Lo otro que abona mi fe es no valore tanto mi vida y no vivir
predominantemente para preservarla como si esta fuera la mejor vida
que yo pudiera vivir. Pablo dice, en ninguna manera estimo mi vida
como valiosa para mí mismo (Hechos 20:24).En otras palabras, el
único valor que mi vida puede tener, dice Pablo, es en referencia a la
causa de Cristo. Despegada de ella, mi vida carece de valor. El único
interés de Pablo era que Cristo fuera glorificado estando en vida o
muriendo decapitado, como se piensa que finalmente pasó. Por eso él
podía ir a Jerusalén sabiendo que ahí encontraría dolor. Para tener
esa determinación necesitamos no solo convicción de lo que creemos,
sino que además se requiere vivir por una causa que sea superior al
valor que le das a tu propia vida: la causa de Cristo (Hechos 20:24).
Pablo entendía que después que Cristo lo salvó, él tenía una sola
meta y un solo propósito: dar testimonio solemnemente del evangelio
de la gracia de Dios.

Eso nos lleva a la cuarta característica de un corazón


moldeado por Dios y es que el centro de gravedad de ese
corazón es Cristo, Su evangelio, Su cruz, Su gracia… Una vez la
cruz de Cristo deja de ser el centro de la vida del cristiano, él
comienza a alejarse del camino.
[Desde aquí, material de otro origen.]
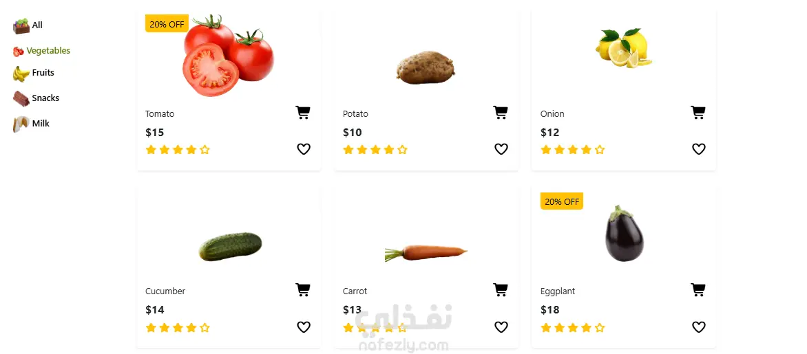 المتجر متبرمج بكود نضيف ومنظم جداً عشان يكون صديق لمحركات البحث (SEO)، وده بيساعد الموقع إنه يظهر في النتائج الأولى ويجذب زوار أكتر. كمان ركزت إن التصميم يكون "مرن" بنسبة 100%، يعني لو العميل فتح المتجر من موبايل، تابلت، أو لابتوب، هيلاقي كل العناصر والخطوط واضحة وفي مكانها المظبوط تماماً. ضفت كمان لمسات احترافية في عرض المنتجات، زي بطاقات الخصومات الذكية (20% OFF) ونظام التقييم بالنجوم، وكل ده عشان أضمن تجربة تسوق ممتعة تخلي العميل يرجع يشتري تاني.

La cruz me recuerda que yo estaba
condenado en mis delitos y pecados y que ahí, en el Calvario, yo fui
redimido por la sangre del Unigénito de Dios. Eso me hace querer
honrar a mi Dios cada día. También me recuerda que allí, Dios hecho
hombre se colgó en un madero y ocupó mi lugar. Si Él hizo eso
cuando yo no quería saber de Él, hoy que soy Su hijo, ¿que no querrá
hacer por mi? La cruz me muestra la misericordia de Dios a favor mío
y nos recuerda que hay un precio que pagar para vivir la vida
cristiana a la manera de Dios.

Pablo comienza a despedirse con estas palabras en el versículo 25, “Y


ahora, he aquí, yo sé que ninguno de vosotros, entre quienes anduve
predicando el reino, volverá a ver mi rostro.” En medio de su
mensaje Pablo les deja ver el peso que tiene ser embajador de
Cristo: no es simplemente creer en Jesús y vivir una vida mas o
menos moral, sino que implica también un compromiso de compartir
el evangelio con el que no conoce a Cristo. Y de ahí las siguientes
palabras:“Por tanto, os doy testimonio en este día de que soy
inocentede la sangre de todos, pues no rehuí declarar a vosotros todo
el propósito de Dios.” (Hechos 20:26-27).